Your Dominant function is: Your Secondary function is:


----------



## ENTPness (Apr 18, 2015)

PaladinX said:


> How is that any different from the mypersonality.info test?


I haven't gotten every possible result on that one.

Also note that I just took a different functions test again, the keys2cognition one, and that one did type me as ENTP this time, with Fe my third most used and "good" function despite seeming practically nonexistent on this test. Te was also very low despite being the highest one here. So yeah, all pretty subjective, all depends on how you define these vague concepts we call "functions."


----------



## uncertain (May 26, 2012)

Hmm, got high in both Ti and Fi:

Te: 12
Ti: 19
Fe: 8
Fi 20
Se: 12
Si: 9
Ne:5
Ni: 7

Ti is surprisingly high and Ne/Ni surprisingly low


----------



## Innogen (Oct 22, 2014)

Te: 14
_Ti: 17_
Fe: 10
*Fi: 19*
Se: 4
_Si: 16_
Ne: 8
*Ni: 21*

lolwuttermelon?

Some of the questions here, at least for me, cause some confusion between Fi, Ni and Ti.

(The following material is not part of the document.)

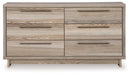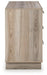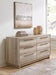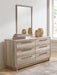 Modern meets neutral and sophisticated in this dresser with mirror. Its natural finish, subtle replicated wood grain and clean lines wake up your bedroom with eye-catching appeal. The generous storage space in its smooth-gliding, lined drawers brings function to relaxed refinement. Elongated handles in a champagne tone speak casual simplicity, creating a smart and stylish bedroom retreat.
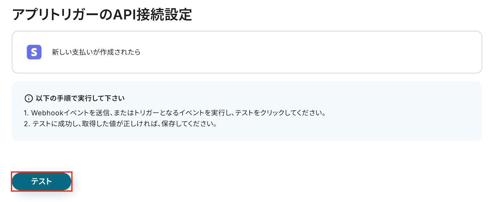 「テスト」をクリックして、YoomがStripeからWebhookを正しく受け取れるか確認しましょう。

All three of these functions tend to be pretty stubborn, right? Like, look at "I can become separated from others because of my ideas." Fi can relate, Ni can relate, Ti can relate, and even Si can relate. But oh well. It's harder to manipulate the answers to get the functions you want, and I guess that's a good thing. LOL


----------



## Recede (Nov 23, 2011)

Ti: 16
Ni: 14
Fe: 13
Fi/Te: 10
Ne: 6
Si: 5
Se: 4

o.o

"I pretend to be nice to people so that they don’t bother me while I am thinking."
"I like to be left in peace to think about ideas."
"I get along with everybody."
"I daydream a lot."

I think most of the ones I chose "YES" or "yes" for had more to do with being a Nine and an introvert than functions.


----------